In 2015, the Kay Family Foundation donated money to fulfill the University Plan’s aspiration six, which consists of expanding Biola’s global outreach. Originally the school planned to use the money to further Open Biola, a free video learning forum, but decided instead to create a brand new initiative.

“If Christ-centered, biblically integrated business education is unique and if studying [in] the environment where you are surrounded by other serious Christians, serious Jesus followers, if that is a pretty unique educational environment, should people have to move to La Mirada, California, to get that?” said Gary Lindblad, dean of the Crowell School of Business. “If we’re going to make this kind of education available, we’re going to have to go online. We’re going to have to make it available for people that are all across the country or around the world.”

The platform will allow people not affiliated with the university to take not-for-credit courses for a minimal price. Consequently, it opens significantly more accessible avenues for people to access this education.

The courses consist of 30 minute video sessions spread across a six-week period produced by faculty from different departments. The faculty can narrow material from one of their regular classes to fit into a series, or they can venture a new course idea based on their research. The course can apply to church small groups, pastors, business people or just people yearning to learn more.

“I think it’s people who are wanting to continually learn. People who are hungry for knowledge, people who trust the Biola brand for the kind of biblically integrated information that they want,” Lindblad said.

Administrator for lifelong learning programs Andrew Yee took the position as the program director for Biola LEARN in April, and over the summer he worked with software developers, a film crew and faculty to create the now clean, user-friendly site and courses.

providing quality online courses and degree programs

After nearly two years of planning, Ishi expressed her excitement over the program’s beginning and has high hopes for the impact of its future as professors share some of their best work with the outside world.

“I’m thrilled that Biola has not only placed such a strong emphasis on providing quality online courses and degree programs, but it is thinking very innovatively to step out of just the traditional mold of what education is and to look at diversifying ways in which it can touch and reach Christians all around the world,” Ishi said.

The initiative has the potential to create strong online communities that will cross geographic, cultural and socio-economic boundaries, and help develop common interest between friends, colleagues or parent-child relationships. If a parent and a Biola student wish to delve into a certain topic, they can take similar courses and discuss together.

Dean of the Talbot School of Theology Scott Rae has already seen the success of Biola LEARN first hand as he has spent the past few weeks bringing a small group through one of the sessions he recorded. He finds participating in the program enjoyable, and encourages the faculty under him to participate as well.

“We’re trying to persuade faculty that it’s actually fun to get in there and record. It’s work too, but you get to use all the latest technology too, to enhance what you’re doing,” Rae said.

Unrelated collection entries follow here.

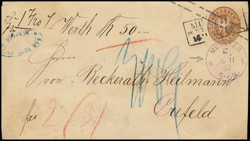 Wappen-Ganzsache 3 Sgr. ockerbraun (dreiseitig geöffnet, typ. Erhaltung mit kl. Aktenspieß) als seltenes Teilfranko mit Ra3 "Münster in Westphalen" und violettem Franko-K1 "Münster F.N.1", Wertbrief nach Crefeld, restliches Porto von 3 Sgr. mittels des Franko-K1 bezahlt
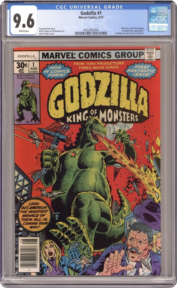 Menu Categories Featured Comics New Comics Comic Book Value Packs Key Comics & First Appearances Pre-Code Horror Comics Good Girl Art Comics Promotional Comics Comics Pre-1940 Comics 1940s Comics 1950s Comics 1960s Comics 1970s Comics 1980s Comics 1990s Comics 2000s Comics 2010-Curent Other Comics Graphic Novels, Books Fanzines Vintage Paperbacks Pulps and Digests Men's Adventure Non-comic Magazines Godzilla #1 CGC 9.6 1977 4432062004 Grade CGC 9.6 Page Quality White Year 1977 Publisher Marvel Any CGC case may have minor imperfections including Newton rings, scuffs, standard surface wear, or minor cracks. CGC considers these defects acceptable, as do we. If there is any significant damage to the slab it will be noted in our description, and we will not list any slabbed comics with a damaged case that compromises the integrity of the grade. Description "The Coming!" Guest-starring Nick Fury and S.H.I.E.L.D. Story by Doug Moench. Art by Herb Trimpe and Jim Mooney. The slumbering leviathan known as Godzilla has awaken and rises out of the sea off the shores of Alaska. This reptilian titan has already left Japan devastated and now has made his way to America. With a tail that can smash mountains to dust and fiery breath born out of the Atomic Age, is there anything that can stop this monster's rampage? Right from the Toho Productions' famed movie series comes Godzilla, King of the Monsters. This item is a consignment This item is a consignment, which means that the price has been set by the consignor rather than by MyComicShop. It is located at our headquarters and ships just as quickly as everything else we carry. Grading & Packing We take pride in our accurate, consistent grading. You can be confident in receiving a well-graded comic when ordering from us. We understand that condition is important to collectors. We pack your comics with professional care and high-quality packaging to insure your purchase reaches you safely. About Us We opened our first comic retail store in 1977 and operated a chain of eight comic book stores in the 80s, 90s, and 2000s before going online-only. We are the world's largest comic book seller and the biggest and most trusted comic seller on eBay with over 3.6 million comics sold. We Buy & Consign We buy tens of thousands of comics every month from collections large and small, old and new. We also accept consignments and will get your comics listed on eBay for you. Check out our website for more info. Copyright © 2025 MyComicShop & Lone Star Comics. All rights reserved.
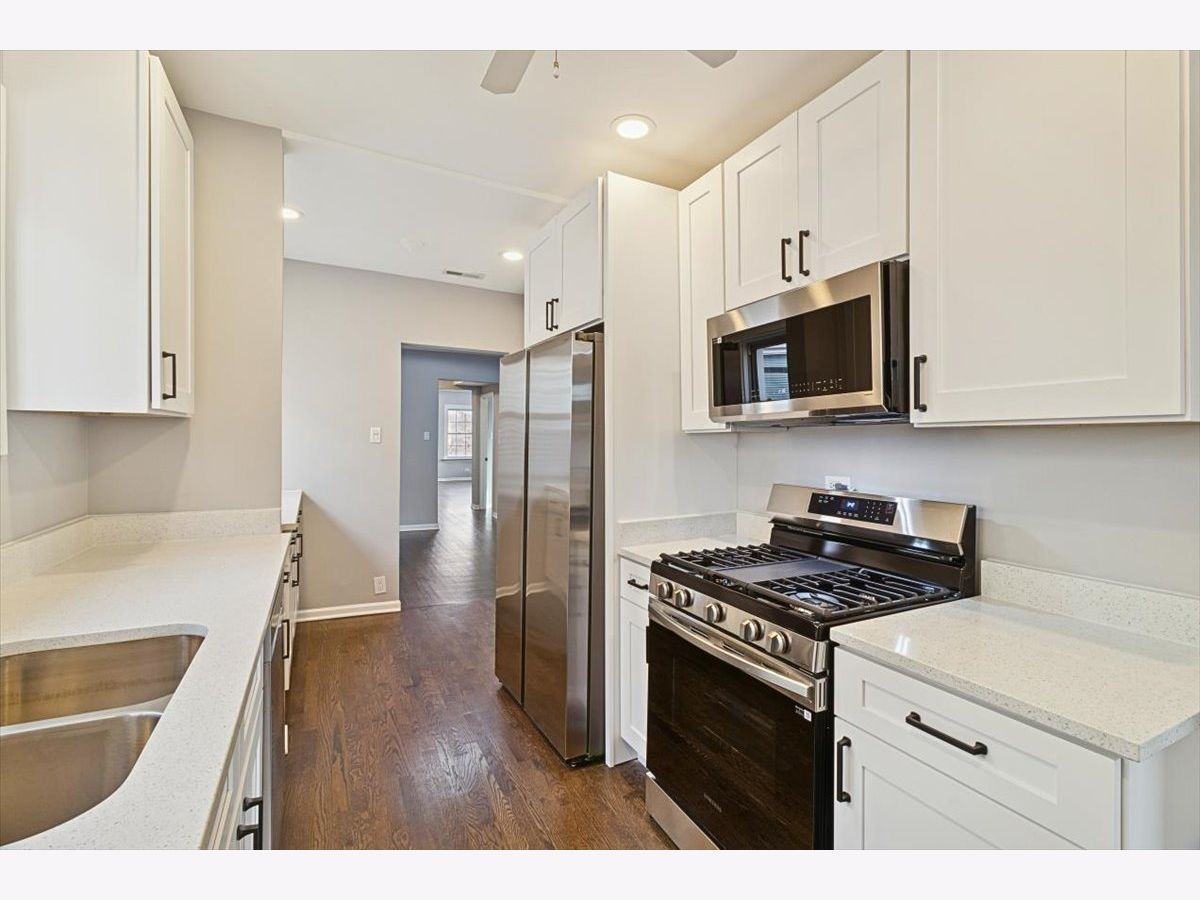 Beautifully renovated third-floor apartment featuring 3 spacious bedrooms and 2 modern bathrooms with In-Unit Washer & Dryer. This apartment offers huge living areas with stunning hardwood floors throughout. The living room boasts 3 large windows that flood the space with natural sunlight, creating a warm and inviting atmosphere. The chef's kitchen is equipped with quartz countertops, 42" white shaker-style cabinets, and brand-new stainless-steel appliances including a refrigerator, dishwasher, microwave, and oven/range-perfect for entertaining guests. Both bathrooms feature elegant marble tile and luxury finishes. Additional highlights include ample closet space, and the option for garage parking. Garage parking rents for an additional $150/month. This stunning and thoughtfully designed apartment offers comfort and convenience in a desirable location. THIS IS A MUST SEE!!

The time it takes to produce a course varies depending on the amount of subject material each professor has. Once the professor gathers the material, the filming does not consume too much time—they can even film all six sessions in one long day.

Unlike many other online programs, this initiative serves lifelong learners and people wanting to learn from the expertise of Biola’s faculty without the commitment or cost restraints.

“One of the things I love to do, just in my own life, is to be able to take complicated things and explain them simply… For me, Biola LEARN is that exact opportunity,” Yee said. “We take what we study here at Biola and all the academic research that we do and then we deliver it in a package for the everyday person. So you’re not here training to be a scholar or a professional in this area. You just want to learn something and grow, and this is the opportunity for that.”